I suspect what's changed since the introduction of this tag is that use of
as-needed is now much more common and as-needed is removing the libc
dependency. That specific pattern is safe, since the libc dependency would
be introduced if it were needed in the future. Unfortunately, Lintian
currently can't distinguish between that case and the case where the
linker was told not to link against libc at all.

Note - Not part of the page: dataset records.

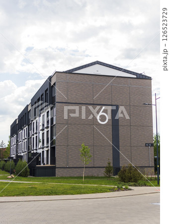 Shot of the stylish, modern, urban, residential suburb where buildings have ergonomic design and vivid colors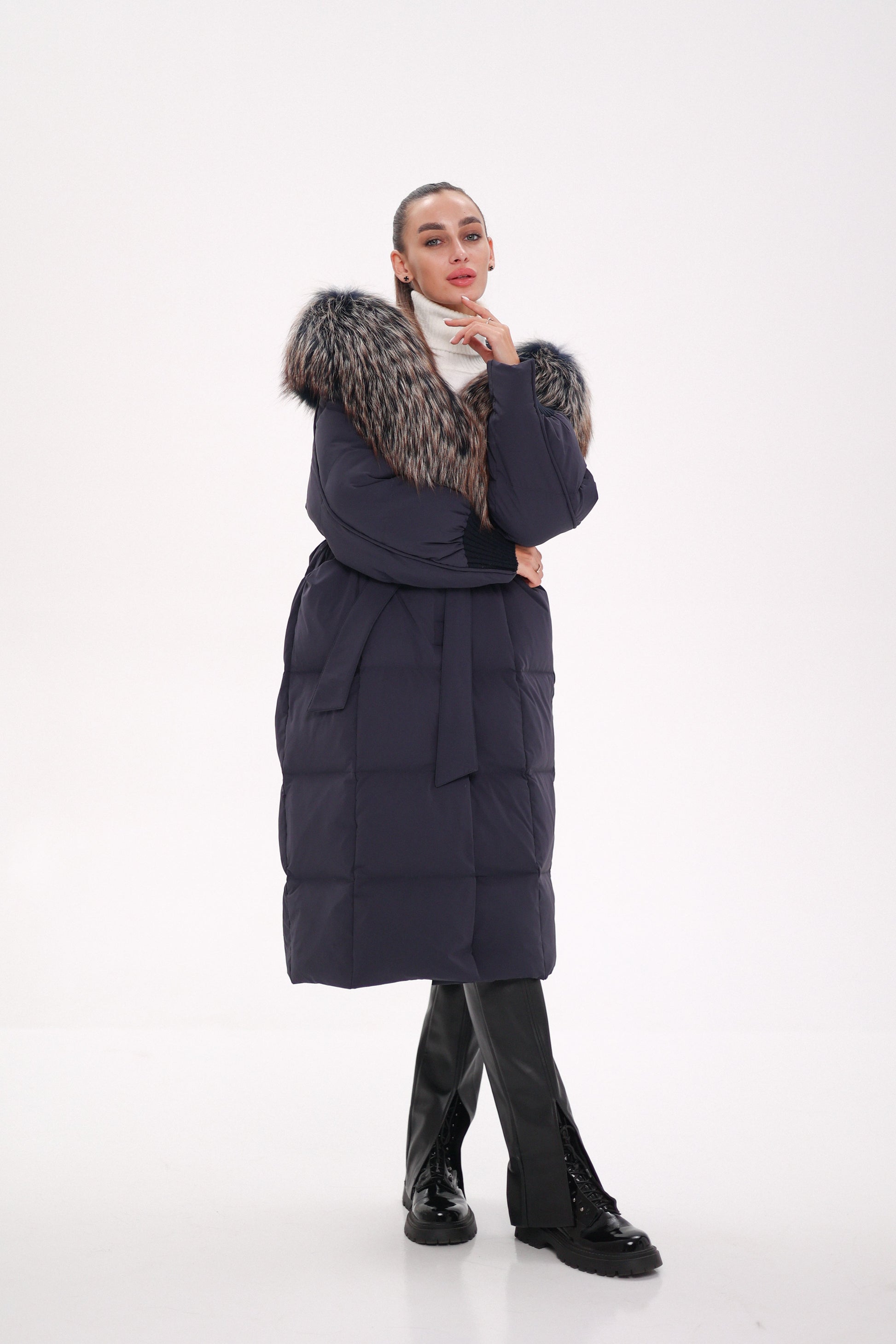 Rei Genuine Fur Trim Hooded Down Coat in Navy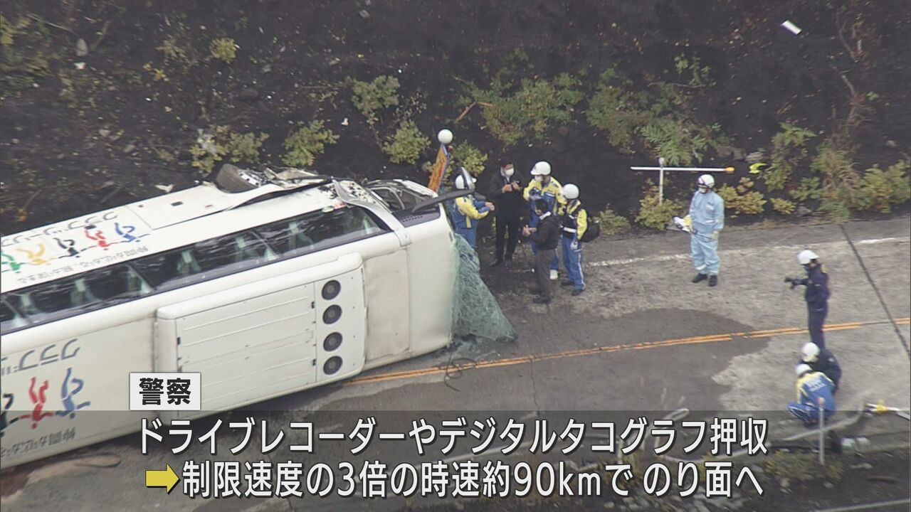 警察のこれまでの調べで、バスは制限速度の制限速度の3倍にあたる時速およそ90キロでのり面に乗り上げ横転したことがわかっています。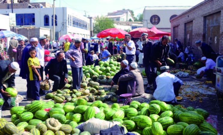 市场里的地毯店众多,一路逛过去,眼花缭乱,每一家那些堆积如山的毯子,一捆捆就搁在地上,看起来就跟做廉价批发一样,但一问,随便一张小毯子的价格,都令人咋舌。除了新疆本地的老毯子,更多是中东来的,伊朗与土耳其的羊毛地毯,远近闻名,但价格也昂贵。好看的毯子太多了,心里喜欢,爱不释手,但时刻不忘提醒自己,这是穷游、穷游、穷游。挑来挑去,最后只舍得买下一张小小的,跟老板讨价还价很久,成交价格依旧令我心疼。羊毛毯厚重,我一个背包自然没法背回去,在这个市场里,不管你买干果还是纪念品,嫌东西重不方便携带?没关系,帮你叫快递。
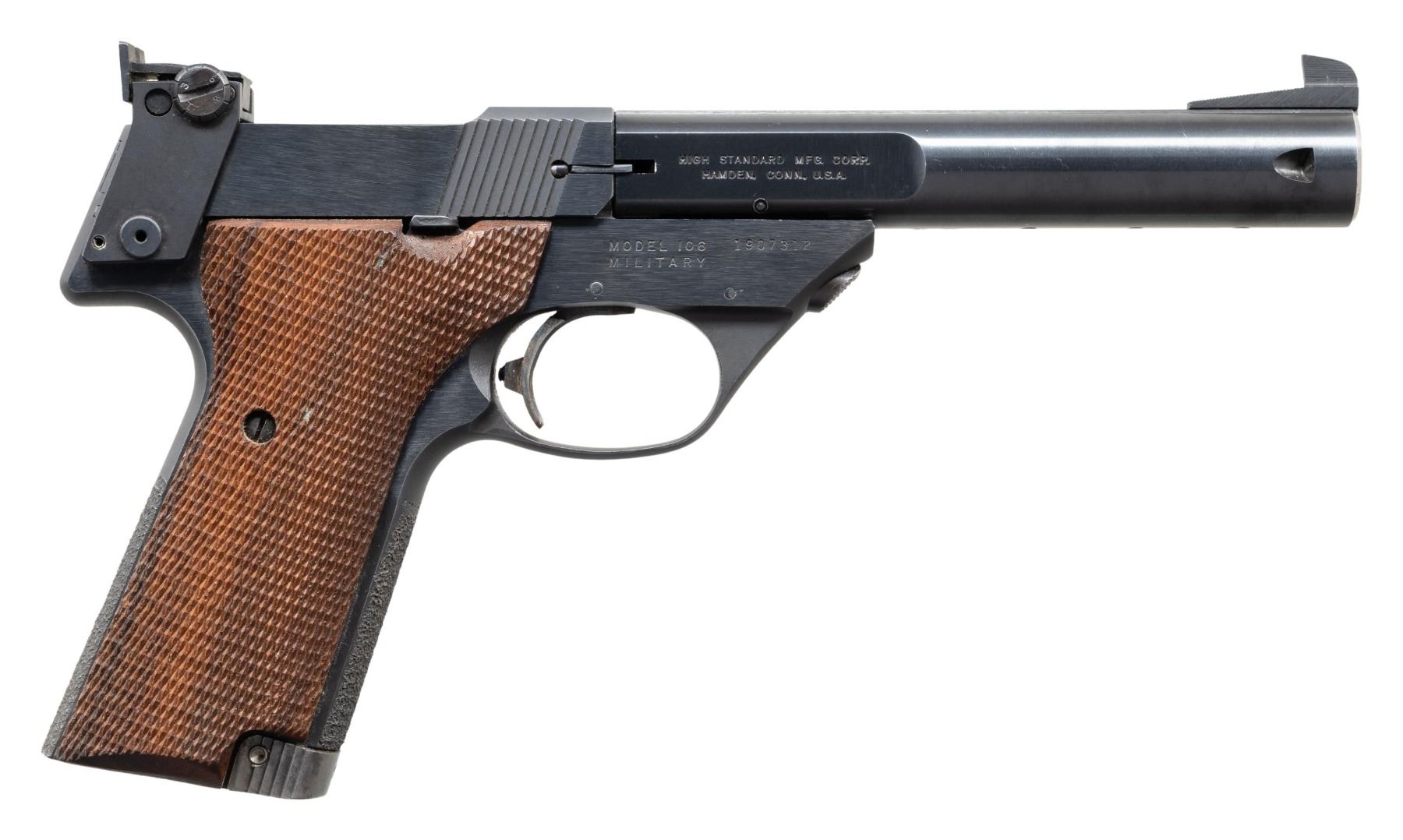 CITATION SEMI-AUTOMATIC PISTOL. Cal. 22 LR. S# 1907312. Bbl. 5 1/2". Model 106 Military Supermatic Citation semi-automatic pistol mfg. by High Standard. Left side of the bbl. is marked with the cal. designation, with High Standard's mfg. information marked on the right, and "EL" stamped on the underside, forward of the frame. Left side of the frame is marked "SUPERMATIC/ CITATION", with the model designation and S# marked on the right. Left side of slide is marked "-HIGH-/ STANDARD", with the S# marked on the top. Metal components exhibit a dual tone blue finish overall, save for on the trigger and mag. release, which are case colored. Frame is mounted with 2-piece checkered wood thumbrest grips. Frame features heavily textured panels on the front and rear grip straps. Bbl. features a grooved matte rib and 3 holes with plug screws on the underside for weight attachment. Ramped blade front sight with adj. square notch rear sight. Slide matches the frame via the full S#. MAGS: 1 10-rd. with "HIGH STANDARD" marked red synthetic extension on floorplate. CONDITION: near excellent, with metal components retaining the vast majority of their original factory blue finish, exhibiting some superficial handling marks and a few small spots of light surface oxidation. Sideplate on left side of frame exhibits some light pitting that has been cleaned at one time, showing through to gray patina. Trigger and mag. release retain the majority of their original case colored finish, with the right half of the mag. release having faded to a mostly gray patina. Mirror bore, retaining well defined rifling throughout. Proper manual mechanics. Grips show a few small marks from handling and storage, but are otherwise very good overall. (25-5058/MLW). CURIO. $300-500.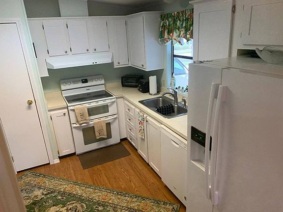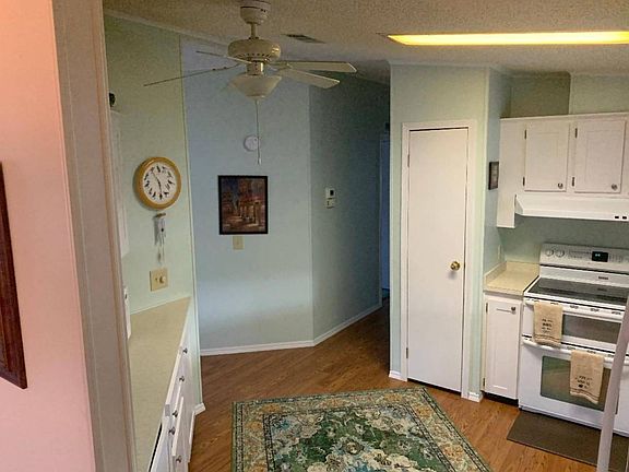 This well-maintained home comes partially furnished with more than $10,000 in upgrades. Here are some of the highlights: New A/C, ductwork, appliances, carpeting and painting. This adorable, two-bedroom, two bath has vaulted ceilings throughout. Beautifully done window treatments throughout the home are included. The kitchen features a double drain sink and a built-in pantry. Amana Refrigerator with ice maker and filtered water system new 2017. The Whirlpool dishwasher new 2017 Solid surface range with two oven compartments in 2015. Engineered oak flooring in the kitchen, entryway, and hallway. This home has an unobstructed view of a beautiful lake with lighted fountain. The large (10' x 22') windowed / screened lanai is the perfect place for you, your family, and guests to relax and enjoy the lake with its stunning sunsets, wonderful bird life and lighted fountain. Ridgewood Estates is a beautiful community with tree-lined streets, sidewalks, fabulous pools, club houses and a 24/7 staffed gated entrance. Ridgewood Estates offers many activities including; shuffleboard, water aerobics, and special events in the community center. Located conveniently to restaurants, grocery stores, shopping plazas, pharmacies, medical laboratories, medical and dental offices, banking, and a post office. This home will not last long. Please call for your private show. Here are some other of this home's features and improvements: · Master bedroom with walk-in closet and attached master bath. · Second bedroom and second full bath. · Central air, duct system below home new 2018. AC has a 10-year warranty. Last inspection May 2019. - Interior ducts professionally cleaned 2017. · Carpeting in bedrooms and living room new 2017. Steam cleaned and treated with stain guard June 2019. · New garbage disposal and kitchen faucet system 2017. · Microwave, toaster, toaster oven and portable kitchen island are all in excellent working order. · Lanai overhead fan system installed new 2018. - New main entry stairs and railing 2018. - New exterior lighting 2018. - New closet organizers in guest bedroom and guest bath 2017. - New landscaping and flowering plants 2018. - Newer overhead fan and light system in dining room. · Skylights, updated lighting and granite and granite-look vanity tops in both bathrooms. Toilet tank interiors rebuilt. - Dining table and chairs, lanai table and chairs and some other furnishings stay. · Kitchen ready to use with dishes, bowls, cups, cutlery, and glassware. · Near both Riverwood Estates pools and clubhouses. More than $10,000 invested on new AC, new AC ductwork, new appliances, carpeting, and painting. This is a great deal at this price! Lot rent is only $831/month! Get into your fabulous Florida home now!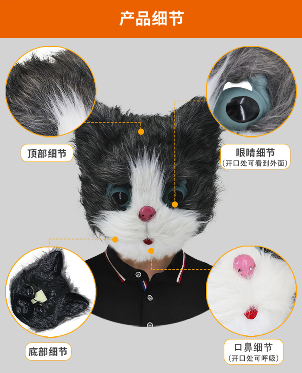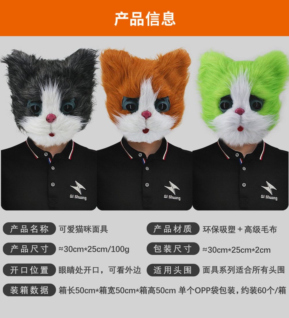 Lindo gatito animal máscara tocado mascarada divertida máscara de dibujos animados accesorios de presentación de fiesta de Halloween

In theory it would be possible to do better in Lintian by scanning the
symbol table to see if the libc dependency is really unneeded. But doing
that sounds at least a little annoying. Downgrading the tag is not really
a fix. That doesn't make the false positives go away; it just encourages
people to ignore more Lintian tags. If people think the problem the tag
was designed to detect is so rare as to warrant downgrading to pedantic, I
would just delete the check entirely.

I have a warning flag set in the back of my head that it's possible for
GCC to introduce calls into libc even if they're not present in the source
(memcpy, maybe?) unless you explicitly tell it to build things in
standalone mode, although maybe I'm misremembering. It's certainly easy to
introduce a libc dependency by writing normal C code and calling some
function that's universally available, including on Windows, without
thinking about it, thus making the state of "not using libc" somewhat
unstable. But problems like that combined with a build system error of
omitting libc entirely are probably much less common than as-needed
removing libc because it's not needed.